◆ Exercise
Repeat what the lines below say, word for word, and skip every image.

___ Data for this task

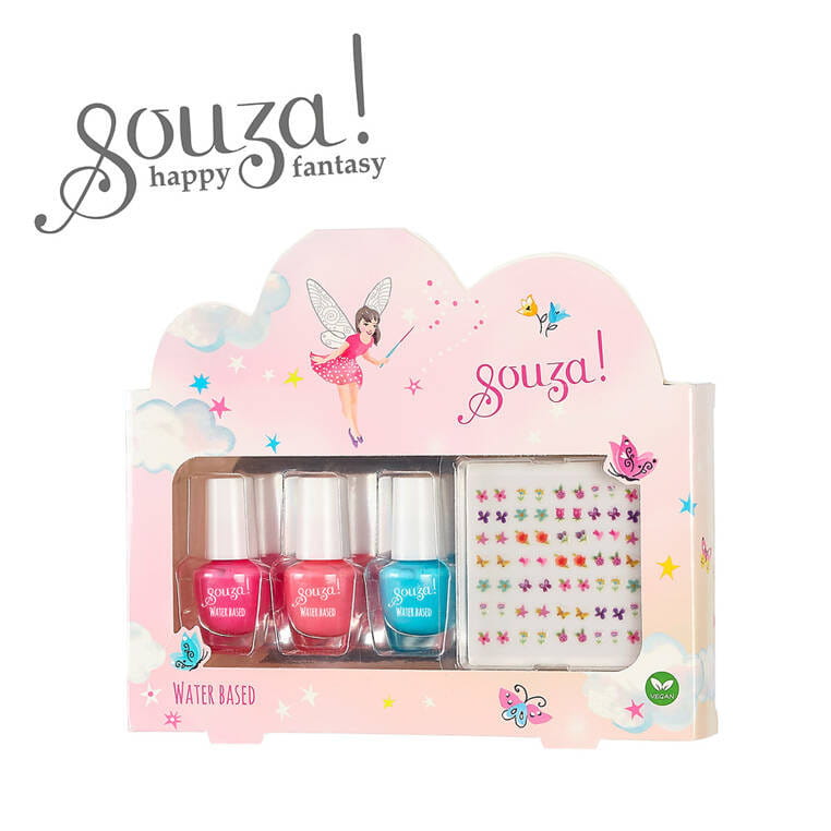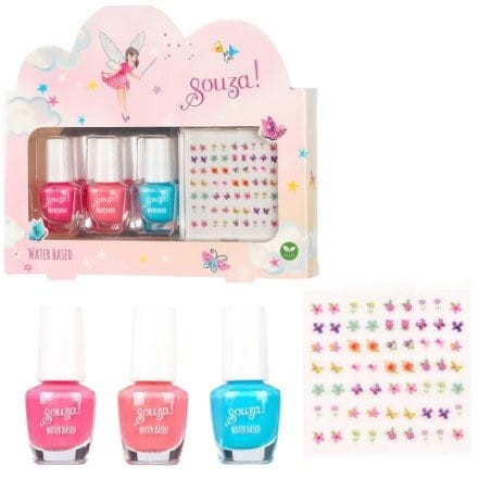 Zestaw lakierów do paznokci dla dzieci Elf holenderskiej marki Souza! W jego skład wchodzą 3 buteleczki lakierów w pięknych kolorach: różowym, morelowym i turkusowym oraz arkusz naklejek na paznokcie.
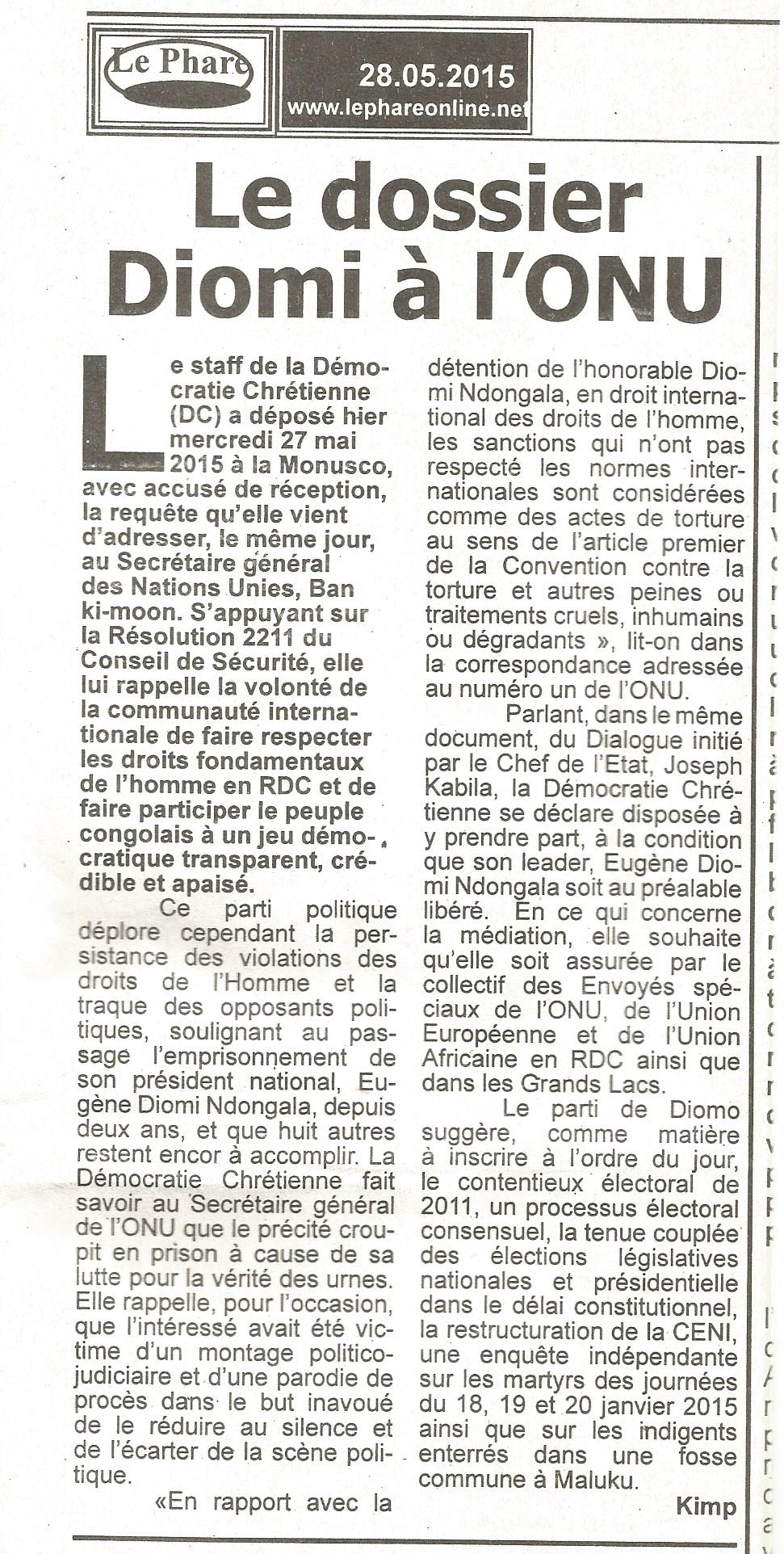 LE DOSSIER DIOMI A L’ONU / LE PHARE 29/05/15
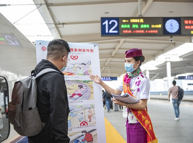 中國鐵路成都局重慶客運(yùn)段的志愿者向旅客宣講鐵路安全知識(shí)。記者 黃偉 攝
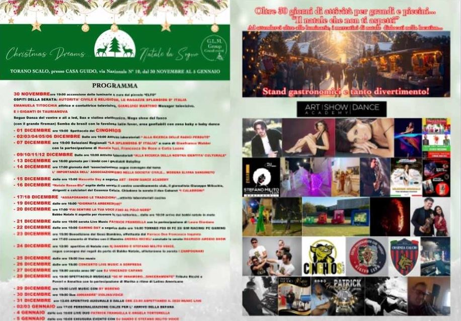 La G.L.M. Group – Grande Eventi è lieta di annunciare l’evento dell’anno: Christmas Dreams – Natale da Sogno. Dal 30 novembre al 5 gennaio, Casa Guido, in via Nazionale n°10, si trasformerà in un magico villaggio natalizio, pronto a incantare grandi e piccini per oltre 30 giorni di festa
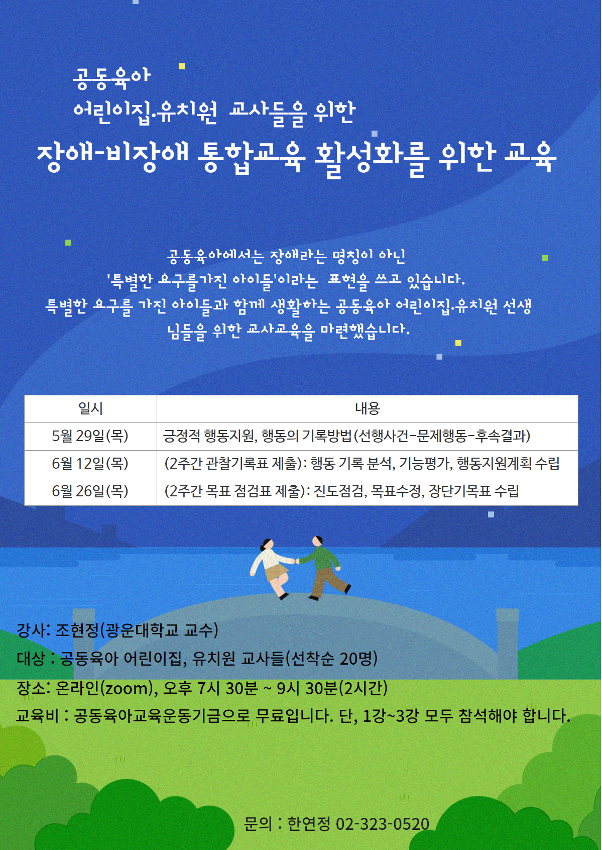 공동육아 어린이집유치원 교사들을 위한 장애-비장애 통합교육 페이지 정보 작성자 운영자 작성일25-04-10 16:06 조회524회 본문 신청하기https://forms.gle/UCyDEfrswGztNZte7 댓글목록 등록된 댓글이 없습니다. 이전글 다음글 목록
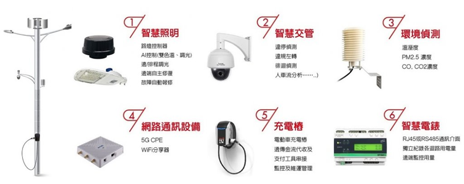 •Smart poles integrate digital signage, IP cameras, high-efficiency street lamps, roadside units, 5G small cells, and EV chargers.
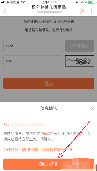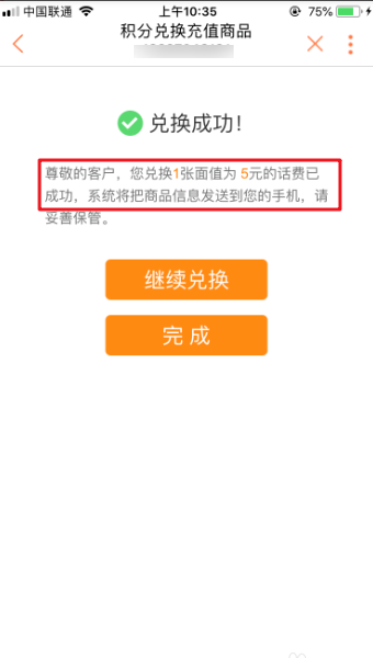 5、最后就可以看到已经成功用积分兑换好话费了。

______

◆ Final answer
 Zestaw lakierów do paznokci dla dzieci Elf holenderskiej marki Souza! W jego skład wchodzą 3 buteleczki lakierów w pięknych kolorach: różowym, morelowym i turkusowym oraz arkusz naklejek na paznokcie.
 LE DOSSIER DIOMI A L’ONU / LE PHARE 29/05/15
 中國鐵路成都局重慶客運(yùn)段的志愿者向旅客宣講鐵路安全知識(shí)。記者 黃偉 攝
 La G.L.M. Group – Grande Eventi è lieta di annunciare l’evento dell’anno: Christmas Dreams – Natale da Sogno. Dal 30 novembre al 5 gennaio, Casa Guido, in via Nazionale n°10, si trasformerà in un magico villaggio natalizio, pronto a incantare grandi e piccini per oltre 30 giorni di festa
 공동육아 어린이집유치원 교사들을 위한 장애-비장애 통합교육 페이지 정보 작성자 운영자 작성일25-04-10 16:06 조회524회 본문 신청하기https://forms.gle/UCyDEfrswGztNZte7 댓글목록 등록된 댓글이 없습니다. 이전글 다음글 목록
 •Smart poles integrate digital signage, IP cameras, high-efficiency street lamps, roadside units, 5G small cells, and EV chargers.
 5、最后就可以看到已经成功用积分兑换好话费了。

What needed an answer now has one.